▶ **Requirement**
A faithful, word-for-word copy of the data below is required, without pictures.

▶ **Data provided**
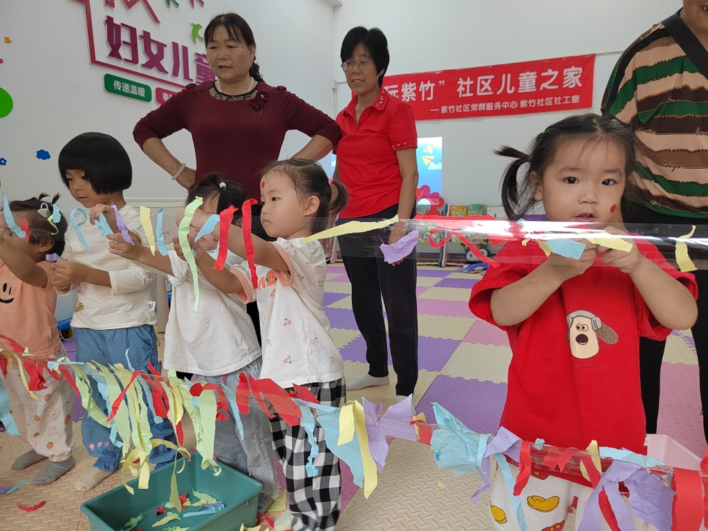 为助力0-3岁婴幼儿感知觉与肢体协调性发展,满足社区居民对精神文化生活的需求,2025年10月16日,紫竹社区儿童之家成功举办了一场以“纸趣无穷 创意无限”为主题的感统游戏活动。活动吸引了10组家庭参与,现场气氛热烈,欢声笑语不断。
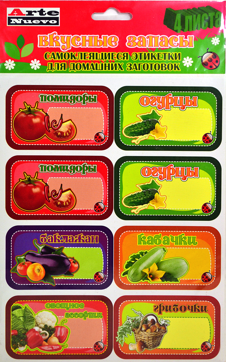 Самоклеящиеся наклейки для домашних заготовок *Овощи-грибы* 4 листа по 8 шт.
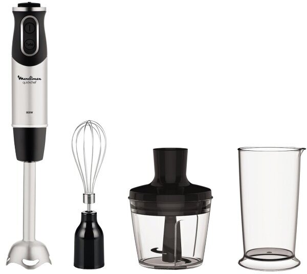 Moulinex DD653 – современный погружной блендер, предназначенный для измельчения и смешивания продуктов. Он работает быстро и эффективно. Блендер оснащён удобной прорезиненной ручкой, которая не скользит в ладони. 20 скоростных режимов. К блендеру прилагаются насадка для измельчения и смешивания, форма которой обеспечивает отсутствие брызг при использовании, а также мини-измельчитель, объём которого составляет 500 мл, и металлический венчик для взбивания.

▶ **Response to the task**
 为助力0-3岁婴幼儿感知觉与肢体协调性发展,满足社区居民对精神文化生活的需求,2025年10月16日,紫竹社区儿童之家成功举办了一场以“纸趣无穷 创意无限”为主题的感统游戏活动。活动吸引了10组家庭参与,现场气氛热烈,欢声笑语不断。
 Самоклеящиеся наклейки для домашних заготовок *Овощи-грибы* 4 листа по 8 шт.
 Moulinex DD653 – современный погружной блендер, предназначенный для измельчения и смешивания продуктов. Он работает быстро и эффективно. Блендер оснащён удобной прорезиненной ручкой, которая не скользит в ладони. 20 скоростных режимов. К блендеру прилагаются насадка для измельчения и смешивания, форма которой обеспечивает отсутствие брызг при использовании, а также мини-измельчитель, объём которого составляет 500 мл, и металлический венчик для взбивания.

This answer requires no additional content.